▶ **DATASET SECTION**

□ □ □ □ □ □ □

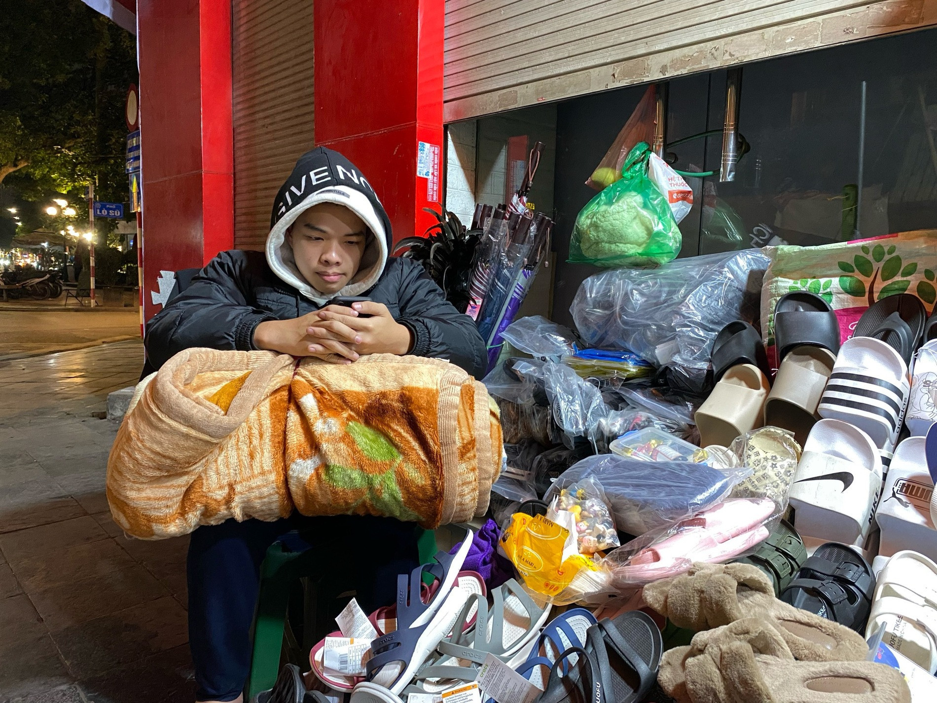 Sau mỗi giờ học, Nguyễn Duy Bảo phụ mẹ kinh doanh giày dép. Hà Nội về khuya, nhiệt độ giảm sâu, em ôm chặt chăn nhằm giữ ấm cơ thể để tiếp tục bán hàng.
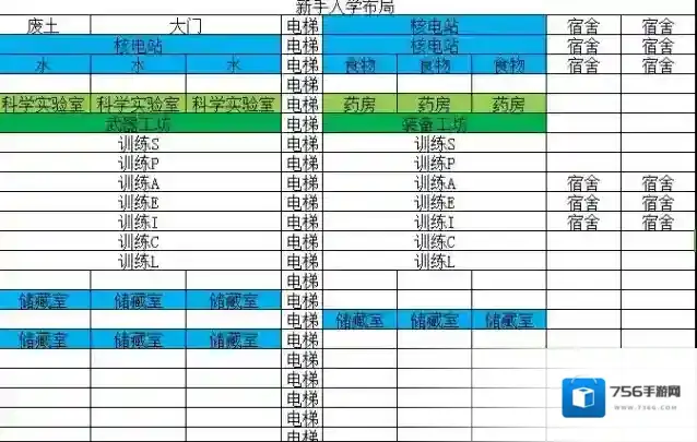 储藏为5w瓶盖到60人口就可以迅速造核电站,造核电站需要把那个二级的电站拆掉,并且迅速升级到三级核电站,等到有钱就把所有电站拆掉建核电站,小人最好在一层工作,不在也没关系。60人口到100人口大致为如此结构,我说明下,我不喜欢前期探险,我需要把我人物属性平均为8的时候再去探险,那个时候一天派出25个人,等到回来的时候就是40W,属性高收集资源还有额外的钱拿,所以那时候就随便改造了,还是得说明下,新手不推荐造两排电梯,因为一排完全够用。60-100人口布局如下:
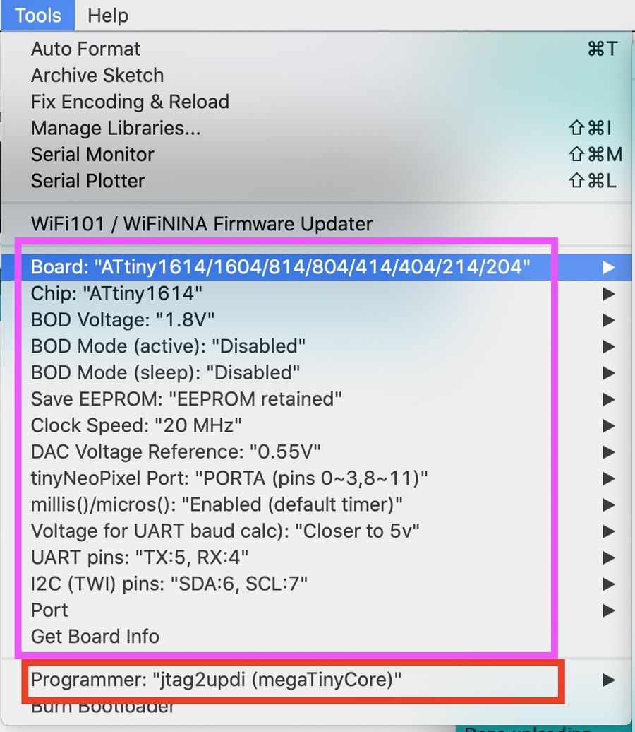Ready the code that you want to upload to the ATtiny, and change the settings. I selected the ATtiny1614 board and set the rest of the settings as they were except for the Programmer. Change Programmer to jtag2updi(megatinyCore) and then you're good to go
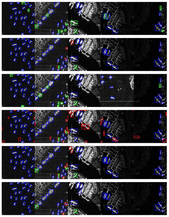 Synthetic Aperture Radar (SAR) technology, with its active microwave sensor, has emerged as a valuable tool in marine science due to its ability to operate effectively in all weather and lighting conditions. Since the launch of the SEASAT1 satellite by the United States in 1978, SAR technology has been widely utilized, and many countries have launched their own SAR satellites, leading to a surge of interest in the processing of SAR images. In particular, ship detection algorithms for SAR images have emerged as a significant research focus in remote sensing, attracting growing attention from researchers and practitioners dedicated to developing advanced detection techniques. Traditional ship detection algorithms generally employ a sliding window approach to partition an image into smaller regions. Within each region, hand-crafted features such as HOG [], LBP [], DoG [] or SIFT [] are extracted. Subsequently, a classification algorithm, typically a Support Vector Machine (SVM), is applied to ascertain the presence of a ship within each region. For example, Gan et al. [] utilized a continuous interval rotating sliding window and HOG features to locate ships. Lin et al. [] put forward a compact and effective feature named MSHOG, which can be computed by four steps to classify ships in SAR images. Wang et al. [] proposed a detector based on DoG to detect ships in Radarsat-2 ScanSAR data. Guo et al. [] utilized SIFT operator and Spatial Pyramid Matching to detect ships in optical images. In addition, the Constant False Alarm Rate (CFAR) is also frequently used in SAR ship detection. For instance, Leng et al. [] put forward a bilateral CFAR algorithm, which combined the intensity distribution and spatial distribution of SAR images to reduce the impact of SAR ambiguity and sea clutter; Wang et al. [] proposed an Intensity-Space Domain CFAR algorithm to detect ships in HR SAR images. However, traditional ship detection methods cannot extract advanced semantic information from images, resulting in unsatisfactory detection accuracy.

□ □ □ □ □ □ □

▶ **WORK ITEM**
No pictures, please. Output the listing above exactly as it stands.

▶ **OUTPUT BELOW**
 Sau mỗi giờ học, Nguyễn Duy Bảo phụ mẹ kinh doanh giày dép. Hà Nội về khuya, nhiệt độ giảm sâu, em ôm chặt chăn nhằm giữ ấm cơ thể để tiếp tục bán hàng.
 储藏为5w瓶盖到60人口就可以迅速造核电站,造核电站需要把那个二级的电站拆掉,并且迅速升级到三级核电站,等到有钱就把所有电站拆掉建核电站,小人最好在一层工作,不在也没关系。60人口到100人口大致为如此结构,我说明下,我不喜欢前期探险,我需要把我人物属性平均为8的时候再去探险,那个时候一天派出25个人,等到回来的时候就是40W,属性高收集资源还有额外的钱拿,所以那时候就随便改造了,还是得说明下,新手不推荐造两排电梯,因为一排完全够用。60-100人口布局如下:
Ready the code that you want to upload to the ATtiny, and change the settings. I selected the ATtiny1614 board and set the rest of the settings as they were except for the Programmer. Change Programmer to jtag2updi(megatinyCore) and then you're good to go
 Synthetic Aperture Radar (SAR) technology, with its active microwave sensor, has emerged as a valuable tool in marine science due to its ability to operate effectively in all weather and lighting conditions. Since the launch of the SEASAT1 satellite by the United States in 1978, SAR technology has been widely utilized, and many countries have launched their own SAR satellites, leading to a surge of interest in the processing of SAR images. In particular, ship detection algorithms for SAR images have emerged as a significant research focus in remote sensing, attracting growing attention from researchers and practitioners dedicated to developing advanced detection techniques. Traditional ship detection algorithms generally employ a sliding window approach to partition an image into smaller regions. Within each region, hand-crafted features such as HOG [], LBP [], DoG [] or SIFT [] are extracted. Subsequently, a classification algorithm, typically a Support Vector Machine (SVM), is applied to ascertain the presence of a ship within each region. For example, Gan et al. [] utilized a continuous interval rotating sliding window and HOG features to locate ships. Lin et al. [] put forward a compact and effective feature named MSHOG, which can be computed by four steps to classify ships in SAR images. Wang et al. [] proposed a detector based on DoG to detect ships in Radarsat-2 ScanSAR data. Guo et al. [] utilized SIFT operator and Spatial Pyramid Matching to detect ships in optical images. In addition, the Constant False Alarm Rate (CFAR) is also frequently used in SAR ship detection. For instance, Leng et al. [] put forward a bilateral CFAR algorithm, which combined the intensity distribution and spatial distribution of SAR images to reduce the impact of SAR ambiguity and sea clutter; Wang et al. [] proposed an Intensity-Space Domain CFAR algorithm to detect ships in HR SAR images. However, traditional ship detection methods cannot extract advanced semantic information from images, resulting in unsatisfactory detection accuracy.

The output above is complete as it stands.